That's very useful, thanks. Your guess as to my assumption was 100% correct. I presume, therefore, that the Kamailio community have no ambitions to become more "app"y. To be honest, I can quite sympathise with that. I will follow up on your other message as soon as I get a chance.
Hi Alex,
On 02/04/2014 04:52 AM, Alex Lake wrote:
Just trying to get to grips with Kamailio and thought I'd say hello to you all...
Thank you, and welcome to the list and the community!
Not sure if this is of any interest, but I've found it quite hard to get into Kamailio compared to (say) Freeswitch. This is not meant as criticism at all, but if you're looking to make it easier, I may be able to help!
In all fairness, the comparison to something like Freeswitch is a little unwarranted. Kamailio is commonly assumed by newbies to be a finished application product, but it's not; it's really something that should be regarded more as an SDK or a toolkit than as an off-the-shelf piece of OSS VoIP software.
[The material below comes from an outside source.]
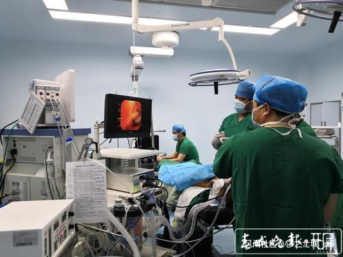 由於肺內異物滯留時間長、取出困難、出血風險大,何連福主任醫師首先詳細評估宋女士肺內異物及異物周圍血管情況後,進行了積極肺部抗感染治療,以減少異物取出時出血風險。

It has a proxy service core, but it doesn't doesn't do anything nontrivial out of the box, isn't intended to, and some programming ability and reference reading is required to make it do what you want. :-)
What I'm trying to do is have a SIP load-balancer such that I can have a set of Freeswitch servers that can have traffic routed to them on a controlled basis, allowing me to point certain accounts at certain servers and take individual servers out of service for upgrade etc.
I think this is SIP server redirection. If there was an example of how to do it - eg. what files need to be changed, any database entries, etc. that would be most useful. Unfortunately, all my Googling/list searching so far has only come up with questions that were either badly worded or not answered. Happy to turn anything I come up with into a beginner-friendly case-study.
This can be (and elsewhere in the industry, often is) done using redirection, but the easier way is probably just to keep Kamailio in series--that is, keep the proxy in the signaling path between the caller and your Freeswitch servers. If Kamailio is able to maintain all the state, this lends itself easily to use of the 'dispatcher' module:
http://kamailio.org/docs/modules/4.1.x/modules/dispatcher.html
... which is designed specifically for load-balancing applications.